Polymerization was performed, the resultant polymer was then finely cut, and dried as in Synthesizing Example 1. Subsequently, the polymer was crushed with a crusher under a different condition such that the finely powdered copolymer has a larger particle diameter. Particles having a diameter exceeding 180 μm were not removed. Other procedures were performed as in Synthesizing Example 1 to prepare target Copolymer 6 in the form of fine powder.

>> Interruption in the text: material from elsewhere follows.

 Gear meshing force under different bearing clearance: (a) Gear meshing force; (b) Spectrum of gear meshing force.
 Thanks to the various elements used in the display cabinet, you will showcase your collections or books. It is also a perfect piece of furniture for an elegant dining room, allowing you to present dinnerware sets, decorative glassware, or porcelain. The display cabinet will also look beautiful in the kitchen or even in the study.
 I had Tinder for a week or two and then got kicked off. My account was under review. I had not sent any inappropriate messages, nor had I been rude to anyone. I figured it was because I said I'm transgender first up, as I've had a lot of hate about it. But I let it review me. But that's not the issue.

Additionally, a part of the sample was screened with an 83-mesh standard sieve composed of a stainless steel. According to the result, the ratio of particles having a particle diameter exceeding 180 μm was 90 weight percent relative to the total amount of the copolymer.

Copolymer-Synthesizing Example 7

Synthesis of Copolymer 7

Polymerization was performed, the resultant polymer was then finely cut, and dried as in Synthesizing Example 5. Subsequently, the polymer was crushed with a crusher under a different condition such that the finely powdered copolymer has a smaller particle diameter as in Synthesizing Example 5. Particles having a diameter exceeding 75 μm were then removed with a 200-mesh standard sieve composed of a stainless steel (JIS Z 8801, inner diameter: 200 mm, opening: 75 μm).

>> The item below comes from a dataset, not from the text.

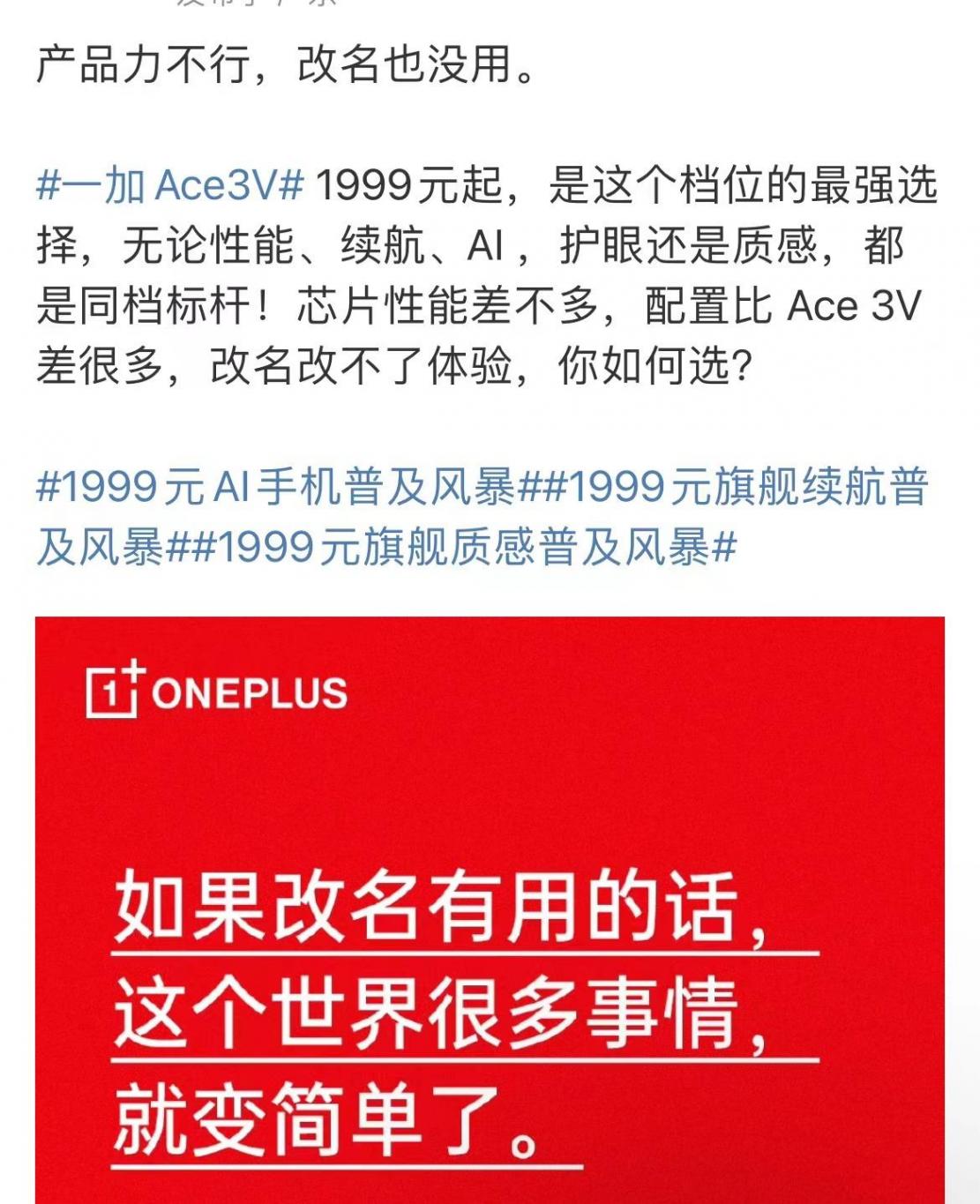 有意思的是,紅米手機剛剛宣布了新十年開局新系列的首款力作Turbo3,一加手機的李杰就在社交平臺上表示“產品力不行,改名也沒用”,同時轉發了最近剛發布的1999元性能相對來說比較強悍的一加Ace3V的海報,疑似暗諷小米新機Turbo3的性能不行。并且李杰還認為一加Ace3V就是這檔位最強產品,其優勢包括性能強,續航長,AI能力足,屏幕的護眼,能力也很強,再加上設計做工和質感,幾乎沒有對手。

Other procedures were performed as in Synthesizing Example 5 to prepare target Copolymer 7 in the form of fine powder.

Comparative Copolymer-Synthesizing Example 1

Synthesis of Comparative Copolymer 1

36 weight percent aqueous solution (566.2 g, equivalent of 50 mole percent) of sodium acrylate, acrylic acid (156.2 g, equivalent of 50 mole percent), and pure water (477.6 g) were mixed to prepare an aqueous monomer solution (1.2 kg) having a monomer concentration of 30 weight percent.

Other procedures were performed as in Synthesizing Example 1 to prepare target powdery Comparative Copolymer 1.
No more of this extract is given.